3. A formação do público é a condição fundamental, inclusive para os autores, para a criação de obras de qualidade. Só ela permite a expressão do indivíduo e da comunidade social.
4. Os direitos do público correspondem às aspirações e possibilidades de um desenvolvimento geral das faculdades criativas. As novas tecnologias devem ser utilizadas com este fim e não para a alienação dos espectadores.
5. Os espectadores têm o direito de organizar-se de maneira autônoma para a defesa de seus interesses. Com o fim de alcançar este objetivo, e de sensibilizar o maior número de pessoas para as novas formas de expressão audiovisual, as associações de espectadores devem poder dispor de estruturas e meios postos à sua disposição pelas instituições públicas.
6. As associações de espectadores têm direito de estar associadas à gestão e de participar na nomeação de responsáveis pelos organismos públicos de produção e distribuição de espetáculos, assim como dos meios de informação públicos.
7. Público, autores e obras não podem ser utilizados, sem seu consentimento, para fins políticos, comerciais ou outros. Em casos de instrumentalização ou abuso, as organizações de espectadores terão direito de exigir retificações públicas e indenizações.
8. O público tem direito a uma informação correta. Por isso, repele qualquer tipo de censura ou manipulação, e se organizará para fazer respeitar, em todos os meios de comunicação, a pluralidade de opiniões como expressão do respeito aos interesses do público e a seu enriquecimento cultural.
9. Diante da universalização da difusão informativa e do espetáculo, as organizações do público se unirão e trabalharão conjuntamente no plano internacional.
10. As associações de espectadores reivindicam a organização de pesquisas sobre as necessidades e evolução cultural do público. No sentido contrário, opõem-se aos estudos com objetivos mercantis, tais como pesquisas de índices de audiência e aceitação.

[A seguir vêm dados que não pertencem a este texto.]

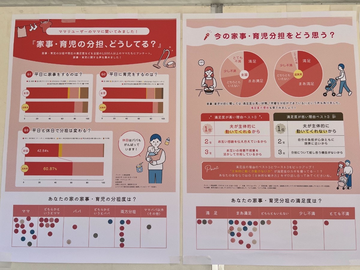 ブース1とブース2では、大津市版の家事シェアシートを実際に体験したり、「家事・育児」に対するパパ・ママのリアルな声やデータの展示も。滋賀県と全国の比較などもあってみんな興味深そうに眺めていましたよ。
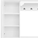 Hall Tree With Integrated Shoe Cabinet And Mirrored Cabinet Door, Coat Hanger, Entryway Bench, 4 In 1 Design, 2 Flip Drawers, 4 Hooks And 2 Cabinets For Entrance, Living Room - White
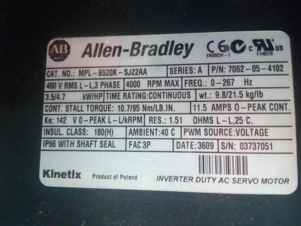 Добрый день.VitalikD писал(а): ↑ Обычный мотор на 4 пары полюсов. Привод должен иметь соответствующий ток и напряжение и понимать установленный энкодер. Энкодер, в случае чего, можно заменить на совместимый, но обязательно для восьмиполюсного мотора. В табличке написано, что противоэдс мотора, измеренная между фазами составляет 142 * rpm /1000. Это означает, что напряжение на дц шине привода должно превышать это произведение для требуемых оборотов. Вобщем, привод может быть любым для трехфазного синхронного мотора. Обороты будут ограничены напряжением питания, момент фазным током.
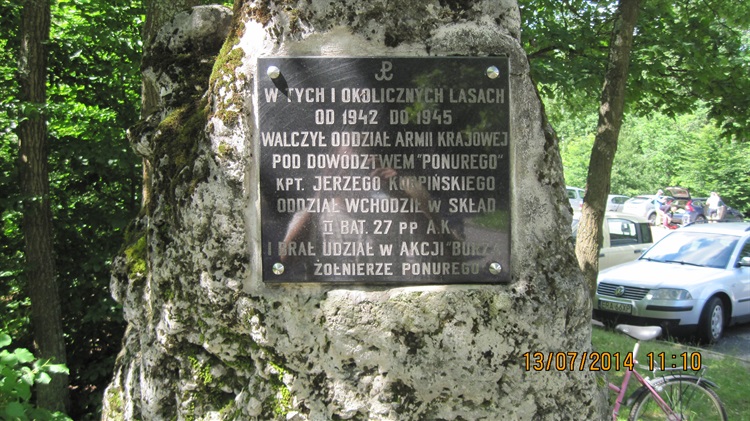 Pomnik pamięci walk oddziału Armii Krajowej pod dowództwem kpt. Jerzego Kurpińskiego "Ponurego". Oddział działał w okolicznych lasach w latach 1942-1945. Pomnik znajduje się blisko ruin Zamku Ostrężnik, przy parkingu na skrzyżowaniu drogi 793 z drogą biegnącą na Zrębice.
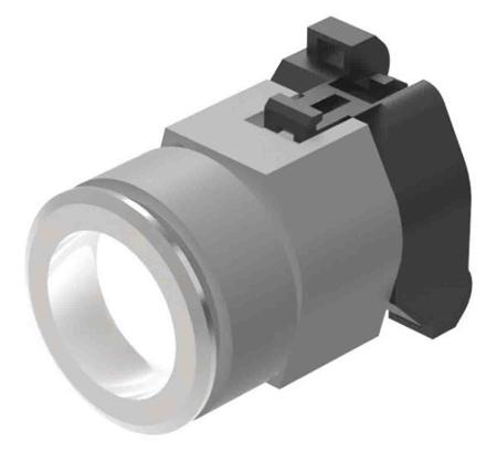 The EAO indicator actuator has a mounting cut out of 30.5mm and circular front dimension of 35mm. It conforms to IP 65 protection degree. The actuator has a colourless plastic lens that employs marking plate illumination. It has an aluminium front ring with a natural anodised colour and a black plastic housing. The indicator has a screw terminal connection method. Function: Indicator
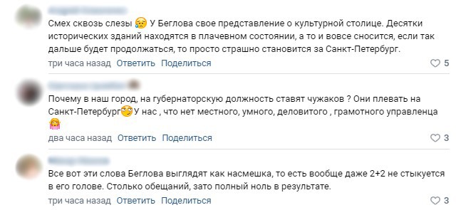 Горожане задаются вопросом, почему губернаторскую должность в Петербурге занимает "чужак", ведь среди местных, уверены комментаторы, можно найти "умного, деловитого и грамотного управленца". А все заявления нынешнего градоначальника, считают петербуржцы, выглядят как насмешка — столько обещаний и "полный ноль в результате".
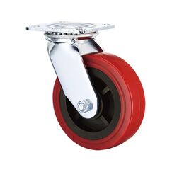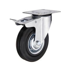 Применяется для транспортировки грузов средней степени тяжести. Колесо поворотной опоры оснащено роликовым подшипником. Данная серия колесных опор отлично адаптирована к эксплуатированию в помещениях и на грубой уличной поверхности. Обод поворотного колеса изготовлен из высокопрочной стали и оцинкован. Сама шина колеса выполнена из черной резины высокого качества, которая справляется с различными воздействиями внешней среды и поглощает вибрации и шум. Рекомендуемая скорость транспортировки груза на тележке с данным видом колес не более 4 км/ч. Заводской температурный режим для данной серии варьируется между -25С° и +50С°. В качестве крепления использована площадка. Тормоз, предусмотренный конструкцией, в случае необходимости обеспечивает неподвижность конструкции. Используются для складских тележек, платформенных тележек, мусорных баков небольшой емкости, для строительных лесов, стеллажей, железной мебели. Поворотная колесная опора 125 мм с тормозом выдерживает до 100 кг, устойчива к износу, легко фиксируется
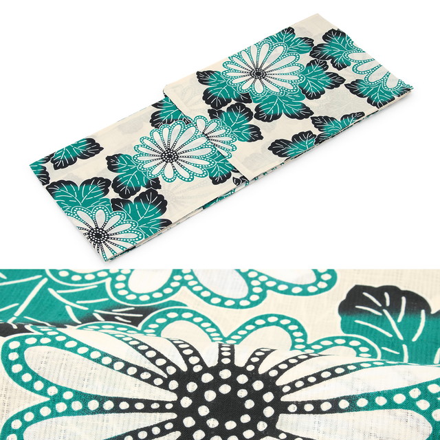 浴衣 アイボリー地に青緑色など
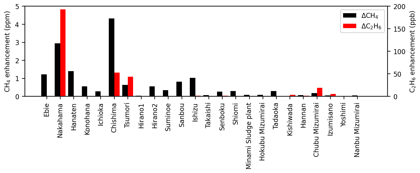 CH4 enhancements near sewage treatment plants were not too high, i.e., up to 4.3 ppm (Fig. A4). Although the C2 : C1 ratio revealed that most of the CH4 enhancements were biogenic (n = 11), four plants with high C2 : C1 ratios (Chisima, Nakahama, Tsumori, and Chubu Mizumirai) were classified as having natural gas emissions.

Os direitos do público fazem parte dos direitos fundamentais da pessoa humana. Estão previstos na Declaração Universal dos Direitos Humanos desde 1948, onde o artigo 27 afirma que “Todo homem tem o direito de participar livremente da vida cultural da comunidade, de fruir as artes e de participar do progresso científico e de fruir de seus benefícios”. Também são direitos constitucionais em nosso país, consagrados no artigo 215 da Constituição da República Federativa do Brasil, de 1988: “O Estado garantirá a todos o pleno exercício dos direitos culturais e acesso às fontes da cultura nacional, e apoiará e incentivará a valorização e a difusão das manifestações culturais.”